Сначала засуха, потом дожди, потом пекло.
— Говорят, что каждый следующий год хуже предыдущего, — произнесла гостья. — У нас на работе кто-то сказал: «Сейчас настолько жарко, что можно поджарить яйцо на...»
— Да-да, на капоте машины, я знаю, — раздраженно закончила Диана. Потом улыбнулась, чтобы смягчить впечатление от, несвойственной ей грубости. Поистине эта жара несносна, если она не сумела сдержать себя, слишком хорошо понимая, какие последствия это может иметь в замкнутом обществе небольшого Мосс-Грова. И стараясь, чтобы ее слова звучали тепло и непринужденно, весело спросила: — Почему бы нам не сконцентрироваться и не пригнать сюда тучку? Говорят, воля человека может творить чудеса. — Почувствовав, что это звучит как жалкая претензия на остроумие, она смолкла.
Но Бонни подхватила:
— Может, мы что-то сделали с атмосферой? — И она пустилась в пространные рассуждения об окружающей среде. Это дало Диане возможность сделать новый стакан ледяного чая и вернуть себе обычное спокойствие.
Но эта жара... Впрочем, даже не жара, а влажность. Именно это сочетание жары и влажности переносить тяжелее всего.

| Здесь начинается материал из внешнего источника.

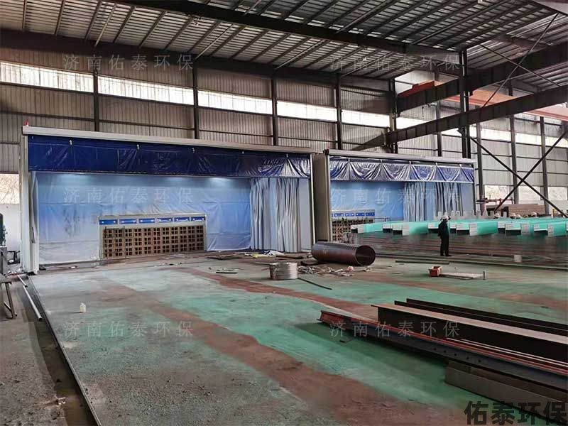 四川某企業(yè)在生產(chǎn)過程中,需要對鋼結(jié)構(gòu)工件表面進行噴漆作業(yè),由于工件較大,之前廢氣沒有得到有效控制,對大氣環(huán)境和室內(nèi)生產(chǎn)環(huán)境造成較大污染。按照國家有關(guān)法律法規(guī)和相關(guān)部門要求,對在生產(chǎn)過程中產(chǎn)生的有機廢氣(包括:甲苯、二甲苯、非甲烷總烴及粉塵)進行有效處理。因此,貴公司決定對噴涂過程中產(chǎn)生的有機廢氣進行治理確保達標排放,以達到國家有關(guān)標準,實現(xiàn)綠色環(huán)保。我司根據(jù)要求作出如下解決方案:移動伸縮房+干式噴漆臺+活性炭吸附箱。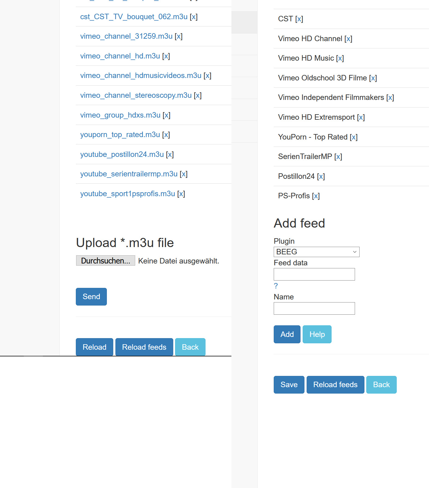 Danke für die Anleitung. Hab jetzt mal die feeds.lua angepasst. Sind diese zusätzlichen Feeds denn bei Dir in der Playlist zu sehen? Also hier:

День походил на другие, как две капли воды: ни к чему не обязывающие разговоры, обрывки слов и обмен пустыми фразами встречающихся на улицах малознакомых людей. Расслабленные обессиленные жарой и не способные ни на чем сосредоточиться люди как заводные куклы автоматически выполняли привычные обязанности. Нигде нельзя было найти желанной прохлады. Нечем было дышать в нагретых солнцем автомобилях с горячими сиденьями и даже в тени пешеходных дорожек. Через несколько минут после выхода на улицу одежда становилась мокрой от пота, появлялось раздражение против всех и вся. Начинал болеть затылок и взор невольно начинал искать хоть одно облачко в пылающем небе.
Зазвенел телефон, прервав размышления Дианы о жаре и разглагольствования Бонни об окружающей среде.

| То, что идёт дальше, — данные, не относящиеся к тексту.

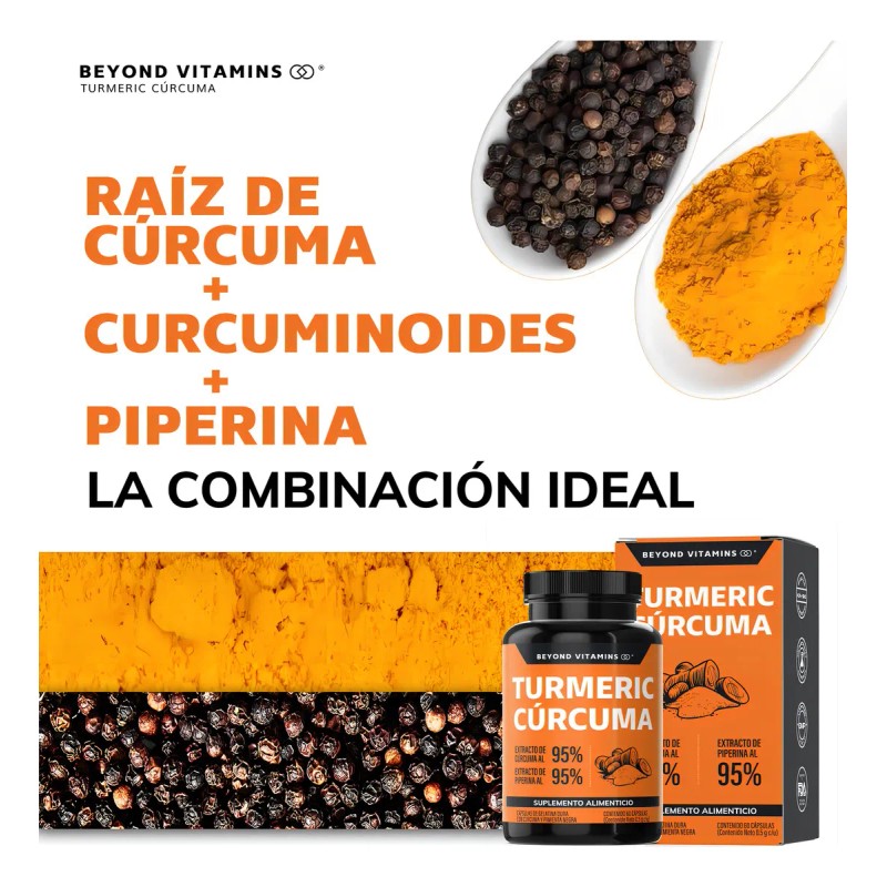 Turmeric Crcuma Con Extracto De Raz De Crcuma Estandarizada Al 95 Y Pimienta Negra Al 95 - Curcumina - 95 De Curcuminoides - Suplemento Alimenticio -

— Извини, Бон, — она подняла трубку, — алло?
— Моя принцесса?
— Привет, — сказала она, сразу смягчаясь.
— Что делаешь?
— Плавлюсь. — Она вздохнула.
— Я рад, что так действую на тебя, — прошептал он в микрофон бархатным голосом за несколько миль от Бакхеда.
— Да, ты действуешь на меня именно так. — Она улыбнулась и поправила сережку. — Ты тоже поджариваешься?
— Это и есть телефонный секс?
— Может быть, — последовал нежный ответ, — я думала о тебе.
— Мы можем поговорить?
— Не сейчас, — ответила она, понижая голос.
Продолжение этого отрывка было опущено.